- **Task description**
When you reach the line containing "- Powerful Cooling" in the records below, start copying exactly, and stop once you have copied the line containing "Вчера в Казани".
[Data excerpts Boundary: Start]
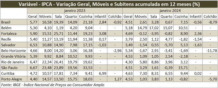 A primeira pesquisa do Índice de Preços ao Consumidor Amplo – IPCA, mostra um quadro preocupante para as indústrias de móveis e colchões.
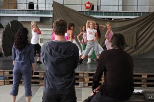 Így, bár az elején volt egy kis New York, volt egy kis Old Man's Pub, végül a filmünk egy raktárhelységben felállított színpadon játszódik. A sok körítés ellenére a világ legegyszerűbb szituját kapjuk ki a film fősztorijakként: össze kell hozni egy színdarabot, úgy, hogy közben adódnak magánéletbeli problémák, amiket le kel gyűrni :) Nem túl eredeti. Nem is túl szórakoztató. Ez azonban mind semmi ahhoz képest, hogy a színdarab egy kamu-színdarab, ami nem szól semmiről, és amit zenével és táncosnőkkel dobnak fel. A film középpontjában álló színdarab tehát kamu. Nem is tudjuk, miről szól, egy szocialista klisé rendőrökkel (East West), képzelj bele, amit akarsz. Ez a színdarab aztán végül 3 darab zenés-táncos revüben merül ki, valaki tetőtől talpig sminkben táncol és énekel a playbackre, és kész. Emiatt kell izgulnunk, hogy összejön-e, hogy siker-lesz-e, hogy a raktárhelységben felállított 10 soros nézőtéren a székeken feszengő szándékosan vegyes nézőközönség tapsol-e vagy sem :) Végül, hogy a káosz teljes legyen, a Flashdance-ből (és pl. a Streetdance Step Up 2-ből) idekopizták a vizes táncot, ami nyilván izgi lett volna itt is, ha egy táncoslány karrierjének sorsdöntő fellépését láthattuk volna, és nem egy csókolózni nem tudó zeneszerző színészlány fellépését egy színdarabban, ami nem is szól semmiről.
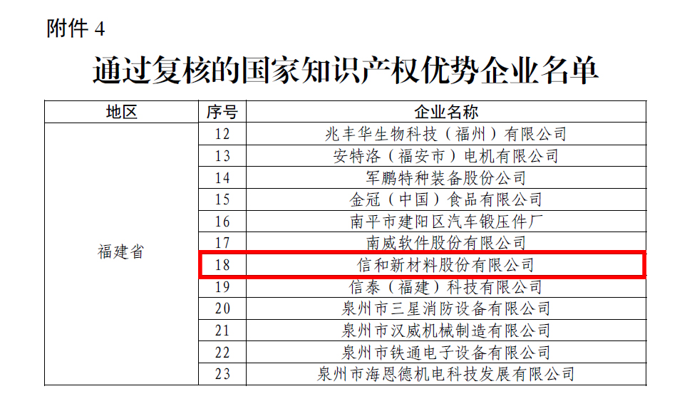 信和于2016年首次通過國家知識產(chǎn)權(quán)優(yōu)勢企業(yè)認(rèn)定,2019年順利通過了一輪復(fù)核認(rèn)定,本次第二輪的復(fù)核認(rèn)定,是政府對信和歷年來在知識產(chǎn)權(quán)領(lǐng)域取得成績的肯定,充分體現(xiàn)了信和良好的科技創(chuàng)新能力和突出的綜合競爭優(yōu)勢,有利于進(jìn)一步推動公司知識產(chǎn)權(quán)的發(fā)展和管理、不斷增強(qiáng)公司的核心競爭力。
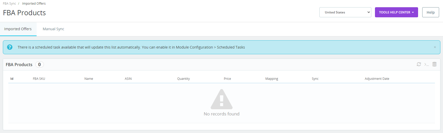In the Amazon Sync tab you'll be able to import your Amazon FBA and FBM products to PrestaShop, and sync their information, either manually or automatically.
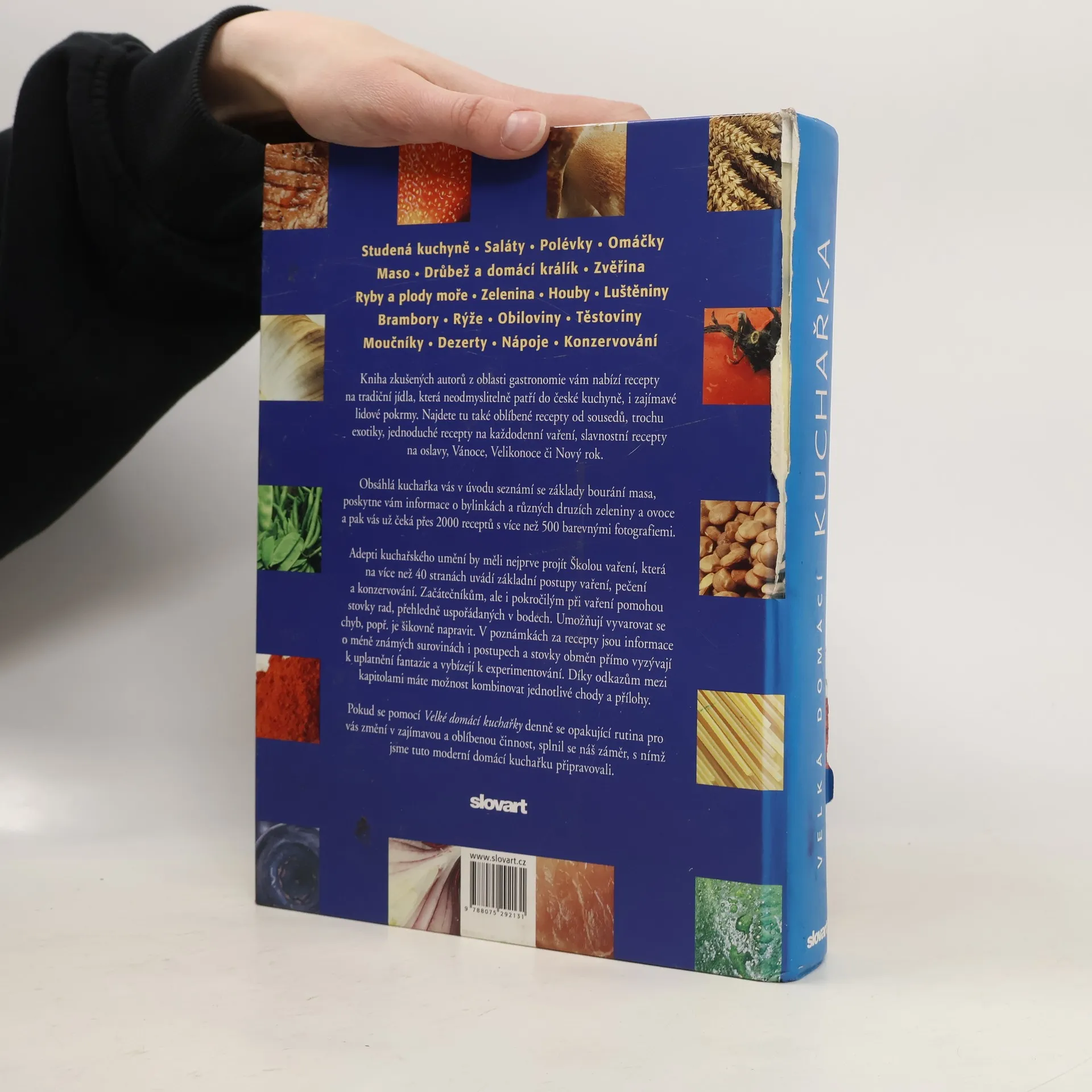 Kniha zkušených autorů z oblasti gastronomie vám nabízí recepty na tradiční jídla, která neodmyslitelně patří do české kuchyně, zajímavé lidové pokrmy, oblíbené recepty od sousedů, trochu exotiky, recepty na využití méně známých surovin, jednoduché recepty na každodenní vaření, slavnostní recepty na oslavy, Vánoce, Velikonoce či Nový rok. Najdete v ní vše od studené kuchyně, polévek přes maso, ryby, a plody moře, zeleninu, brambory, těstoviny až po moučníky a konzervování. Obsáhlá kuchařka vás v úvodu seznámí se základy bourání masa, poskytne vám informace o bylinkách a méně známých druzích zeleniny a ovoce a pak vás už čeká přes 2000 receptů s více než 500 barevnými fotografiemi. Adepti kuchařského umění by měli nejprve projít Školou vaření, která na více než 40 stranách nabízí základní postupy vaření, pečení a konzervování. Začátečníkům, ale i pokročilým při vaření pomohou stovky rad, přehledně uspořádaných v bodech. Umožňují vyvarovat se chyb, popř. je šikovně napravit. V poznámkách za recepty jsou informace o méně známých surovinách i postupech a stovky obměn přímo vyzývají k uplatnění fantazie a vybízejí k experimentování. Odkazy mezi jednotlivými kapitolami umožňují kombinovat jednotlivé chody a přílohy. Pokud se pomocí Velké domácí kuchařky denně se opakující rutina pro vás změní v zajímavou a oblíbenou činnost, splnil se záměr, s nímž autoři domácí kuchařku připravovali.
[Data excerpts Boundary: End]
[Data excerpts Boundary: Start]
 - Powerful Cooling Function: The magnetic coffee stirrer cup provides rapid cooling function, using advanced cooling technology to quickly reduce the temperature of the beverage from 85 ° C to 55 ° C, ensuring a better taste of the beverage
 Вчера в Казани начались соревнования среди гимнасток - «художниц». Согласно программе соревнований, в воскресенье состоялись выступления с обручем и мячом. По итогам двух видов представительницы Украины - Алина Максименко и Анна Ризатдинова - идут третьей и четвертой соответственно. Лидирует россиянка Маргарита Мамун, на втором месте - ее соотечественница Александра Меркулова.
[Data excerpts Boundary: End]
- **Answer to the problem**
 - Powerful Cooling Function: The magnetic coffee stirrer cup provides rapid cooling function, using advanced cooling technology to quickly reduce the temperature of the beverage from 85 ° C to 55 ° C, ensuring a better taste of the beverage
 Вчера в Казани начались соревнования среди гимнасток - «художниц». Согласно программе соревнований, в воскресенье состоялись выступления с обручем и мячом. По итогам двух видов представительницы Украины - Алина Максименко и Анна Ризатдинова - идут третьей и четвертой соответственно. Лидирует россиянка Маргарита Мамун, на втором месте - ее соотечественница Александра Меркулова.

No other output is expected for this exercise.